2022-11-22 15:03:08,495 ERROR tune.py:773 -- Trials did not complete: [train_dummy_2a005_00000]
2022-11-22 15:03:08,495 INFO tune.py:777 -- Total run time: 0.95 seconds (0.00 seconds for the tuning loop).
Best trial:
Result(metrics={'val': 1.6978080140891973, 'done': False, 'trial_id': '2a005_00003', 'experiment_tag': '3_val=10.1868'}, error=None, log_dir=PosixPath('/home/alain/code/teacher-student/test-restore/train_dummy_2022-11-22_15-01-26/train_dummy_2a005_00003_3_val=10.1868_2022-11-22_15-01-32'))
Best trial config:
{'val': 10.186848084535184}

I think that would make more sense to enable the user to resume the experiment.

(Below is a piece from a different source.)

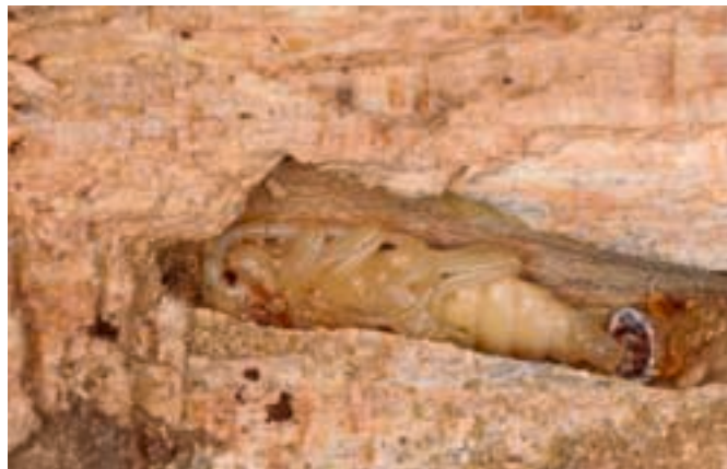
Abb. 12. Puppe des Alpenbocks. Die Beine und Fühler sowie die Flügelscheiden sind bereits gut sichtbar.

Wie bei den meisten Insekten können besonders die Larven und Puppen des Alpenbocks von insektenpathogenen Pilzen befallen werden, sodass sie während der Entwicklung absterben. Spezialisierte Schlupfwespen (Braconidae, Ichneumonidae) vermögen junge, noch nahe bei der Oberfläche fressende Bockkäferlarven zu orten und zu parasitieren. Wie viele andere Bockkäfer steht auch der Alpenbock zudem auf dem Speiseplan von Spechten (Abb. 14). Besonders der Buntspecht hat es auf die unter der Oberfläche liegenden Puppen abgesehen (GATTER 1997). Auch auf der Stammoberfläche stellen die Käfer einen Leckerbissen für grosse, Insekten fressende Vögel dar.

Otherwise, is there a way to use the results from an interrupted experiment in a new one, e.g. as prior knowledge for an hyperparameter search?

Versions / Dependencies

Reproduction script

import random
import time

import ray.air as air
import ray.tune as tune

def train_dummy(config):
    v = config["val"]
    for i in range(1, 30):
        if random.random() < 0.05:
            raise IndexError("Dummy error for the example")
        time.sleep(random.randint(5, 15))
        tune.report(val=v / i)

def train_dummy_models():
    config = {'val': tune.uniform(10, 20)}

    tuner = tune.Tuner(
        tune.with_resources(
            train_dummy,
            resources={"cpu": 12, "gpu": 1}
        ),
        tune_config=tune.TuneConfig(
            num_samples=10,
            metric="val",
            mode="min"
        ),
        run_config=air.RunConfig(
            local_dir="test-restore",
            failure_config=air.FailureConfig(fail_fast=True)
        ),
        param_space=config
    )

    # comment the line below first time you run the script, and replace by the according timestamp when you restore it
    tuner = tune.Tuner.restore(path="/home/alain/code/teacher-student/test-restore/train_dummy_2022-11-22_15-01-26")
    results = tuner.fit()

    best_trial = results.get_best_result()
    print("Best trial:")
    print(best_trial)
    print("Best trial config:")
    print(best_trial.config)

if __name__ == "__main__":
    train_dummy_models()

Issue Severity

Medium: It is a significant difficulty but I can work around it.

paehal commented 1 year ago

I am probably running into this problem too and cannot RESUME. Have you made any progress, or is it improved in ray 2.4?